REPUBLIKA.CO.ID, JAKARTA — Mantan ketua Mahkamah Konstitusi (MK), Jimly Asshiddiqie, meminta agar desakan pembubaran DPR RI menjadi momentum untuk melakukan evaluasi kelembagaan. Tuntutan ini harus menjadi momentum untuk memperbaiki dan menata ulang kelembagaan di Indonesia.
Jimly mengatakan, langkah yang diambil sudah cukup responsif, baik DPR maupun Presiden Prabowo. Hal ini diharapkan bisa meredakan kondisi yang memanas. “Terlebih perguruan tinggi maupun sekolah menerapkan belajar jarak jauh dan WFH untuk kantor-kantor. Mudah-mudahan dalam minggu ini kondisinya mereda,” kata Jimly.
DPR dan pemerintah diperkirakan Jimly akan mengevaluasi semua kebijakan tunjangan penghasilan. Namun hal yang lebih substansial adalah kondisi ini harus menjadi momentum melakukan perbaikan-perbaikan.
“Kondisi ini kan ekspresi dari ketidakadilan yang membuat seluruh Indonesia bergerak. Soal pajak, penghasilan elitnya meningkat sedangkan rakyat dipajakin (pajak naik). Ini harus ada evaluasi serius mengenai kebijakan yang justru menambah ketimpangan,” ungkap Jimly.
Evaluasi yang perlu dilakukan, menurut Jimly, bahkan harus menyangkut masalah kelembagaan secara lebih mendasar.
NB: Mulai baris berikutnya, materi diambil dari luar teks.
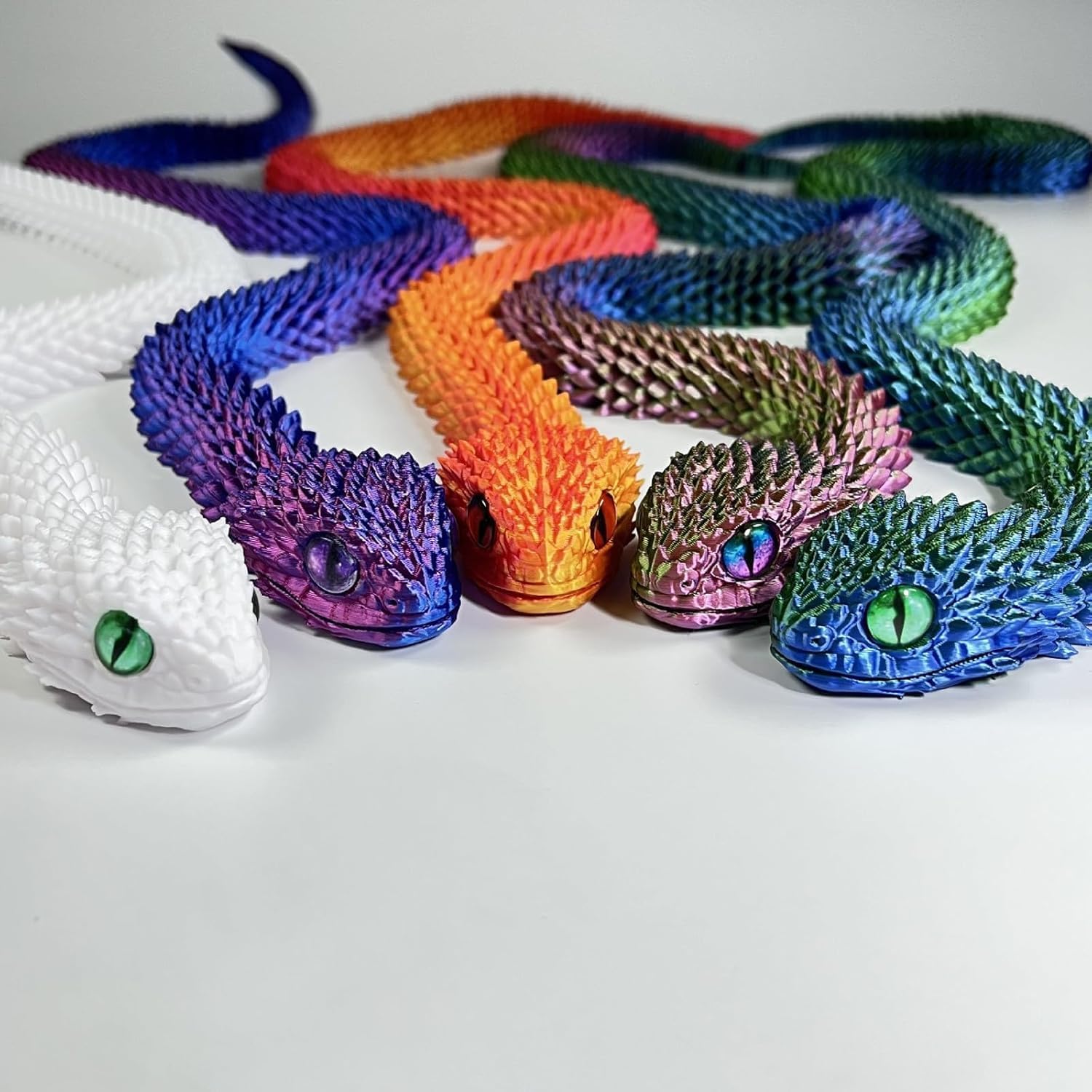 - Unique feeling - The venomous snake is not only visually stunning and endlessly fun, but also feels different from other snakes. You can play with this 3D printed snake and position it in different ways when you are stressed or irritable. Whether you choose to twist its shape or place it majestically on a shelf, the possibilities are endless.

Misalnya soal parlemen. Evaluasi terhadap parlemen bukan hanya soal anggaran, tetapi struktur dan fungsi kelembagaan DPR, DPD, maupun MPR. “Ini ada yang tidak benar. Termasuk dalam perannya menyerap aspirasi,” kata mantan anggota DPD RI ini.
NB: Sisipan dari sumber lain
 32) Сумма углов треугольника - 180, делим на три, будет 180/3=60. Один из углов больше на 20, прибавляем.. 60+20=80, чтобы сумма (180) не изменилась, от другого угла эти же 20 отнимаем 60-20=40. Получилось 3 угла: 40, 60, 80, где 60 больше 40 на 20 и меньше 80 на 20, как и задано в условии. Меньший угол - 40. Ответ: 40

Dijelaskannya, selama ini sudah ada untuk program untuk aspirasi. Namun hal itu dikatkan dengan proyek yang didistribusikan untuk semua anggota. “Semua anggota DPR, DPD, MPR itu mendapatkan proyek penyerapan aspirasi. Tapi bukan penyerapan aspirasi secara kelembagaan. Tapi jadi proyek masing-masing anggota,” jelasnya.
Jimly melihat perlunya restrukturisasi DPD, DPR, maupun MPR. Salah satunya, menurut Jimly, memasukan DPD ke unsur DPR. Sehingga DPD juga terlibat dalam pengambilan keputusan. “Jadi struktur parlemen cukup DPR dan MPR. Dan kewenangan MPR juga dievalusi tugas dan kewenangannya diperkuat,” ujarnya.
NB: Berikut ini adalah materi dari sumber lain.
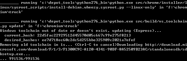 获取代码的最后一步是获取编译环境也就是Visual Studio 2013,上面所有的都成功以后,运行gclient runhooks就会把编译需要的vs2013的文件下载到本地,存储在depot_tools\win_toolchain\vs2013_files路径下,主要文件是编译需要的库文件。

Kata Jimy, DPD sebaiknya dibubarkan saja. Lalu perwakilan daerah ikut mengambil keputusan di forum DPR. “Sehingga mereka (DPD) satu fraksi sendiri. Ini supaya jangan hanya orang politik yang mengatur negara ini. Aspirasi daerah dimasukkan dalam struktur sendiri di DPR,” kata Jimly.
Dengan demikian DPD akan memiliki faedah. Saat ini DPD sibuk di satu tahun anggaran tetapi keputusannya tidak ada yang mengikat bagi negara. “Ini namanya lembaga yang ekstraktif. Menghabiskan uang untuk dirinya sendiri, tetapi tidak ada fungsinya yang bermanfaat bagi kehidupan negara,” papar Jimly.
Tidak itu saja, Jimly bahkan mengusulkan wakil presiden di masa mendatang tidak usah dipilih langsung. Wakil presiden cukup dipilih MPR berdasarkan usulan nama yang diajukan presiden terpilih. Dengan demikian, kata Jimly, wakil presiden benar-benar pilihan presiden terpilih. Bukan wakil presiden hasil negosiasi.
Perbaikan lainnya, Jimly menyarankan adanya pembentukan Mahkamah Etika Nasional (MEN). Tujuannya agar sistem etika bisa tertata dan ditegakkan secara terpadu. “Jangan seperti sekarang lagi kacau. Bagaimana menegakkan hukum kalau etikanya tidak berfungsi,” ujar Jimly.